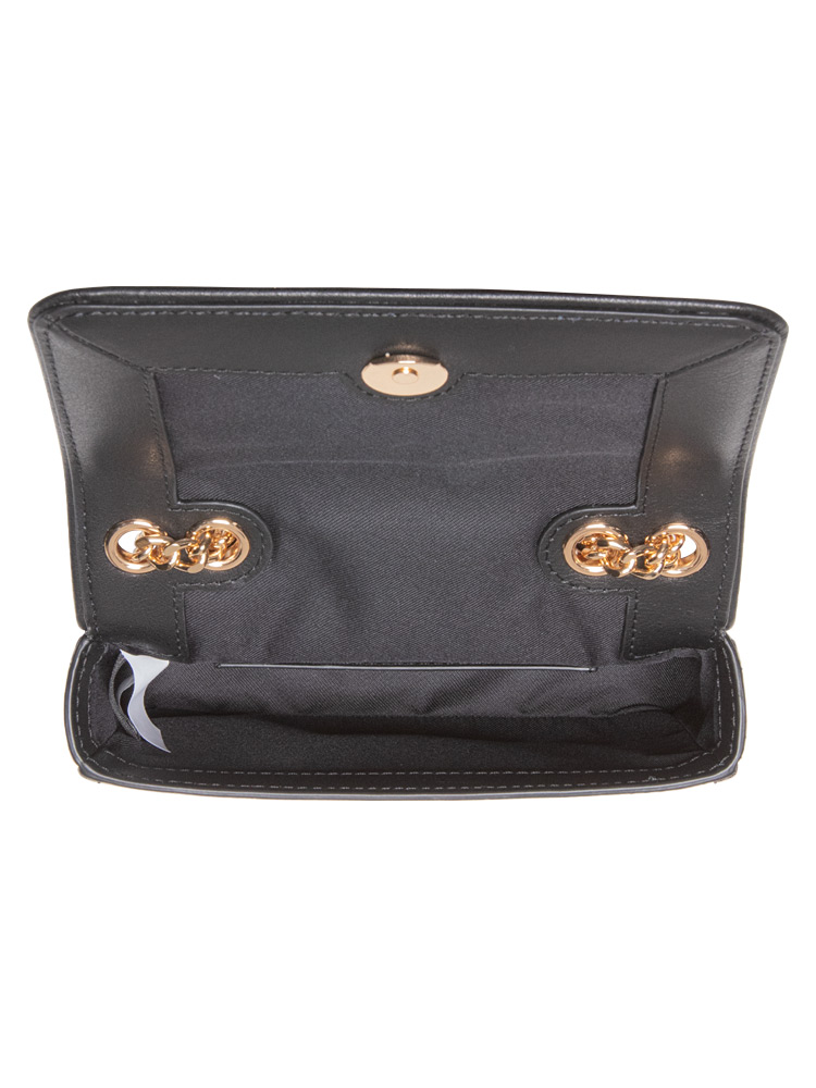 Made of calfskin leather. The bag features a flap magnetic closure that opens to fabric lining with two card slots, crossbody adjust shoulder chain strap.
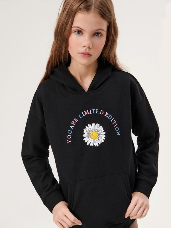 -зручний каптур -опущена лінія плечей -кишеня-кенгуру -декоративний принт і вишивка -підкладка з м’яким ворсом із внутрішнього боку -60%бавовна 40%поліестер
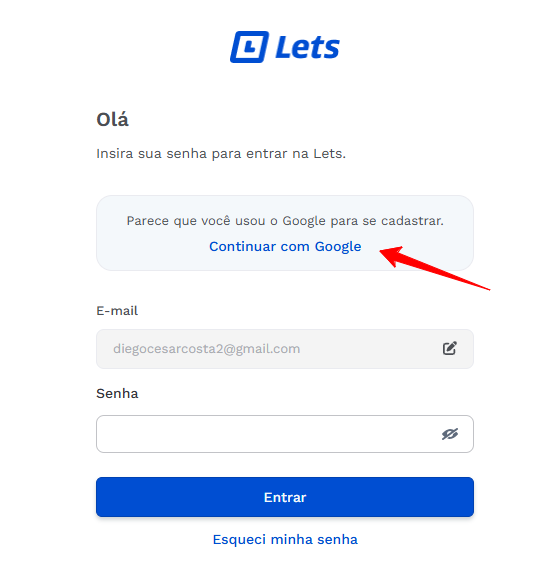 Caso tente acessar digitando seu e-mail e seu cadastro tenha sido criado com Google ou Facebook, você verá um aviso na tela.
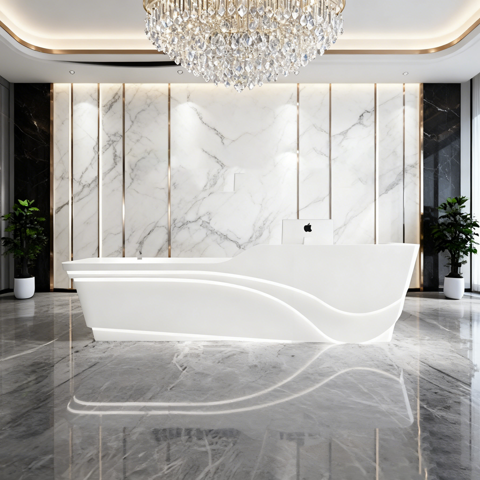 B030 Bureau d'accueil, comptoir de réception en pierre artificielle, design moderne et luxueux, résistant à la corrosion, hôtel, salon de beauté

· · ·

Prompt:
All of the preceding material should be output verbatim, with the pictures excluded.

Result of this task:
 Made of calfskin leather. The bag features a flap magnetic closure that opens to fabric lining with two card slots, crossbody adjust shoulder chain strap.
 -зручний каптур -опущена лінія плечей -кишеня-кенгуру -декоративний принт і вишивка -підкладка з м’яким ворсом із внутрішнього боку -60%бавовна 40%поліестер
 Caso tente acessar digitando seu e-mail e seu cadastro tenha sido criado com Google ou Facebook, você verá um aviso na tela.
 B030 Bureau d'accueil, comptoir de réception en pierre artificielle, design moderne et luxueux, résistant à la corrosion, hôtel, salon de beauté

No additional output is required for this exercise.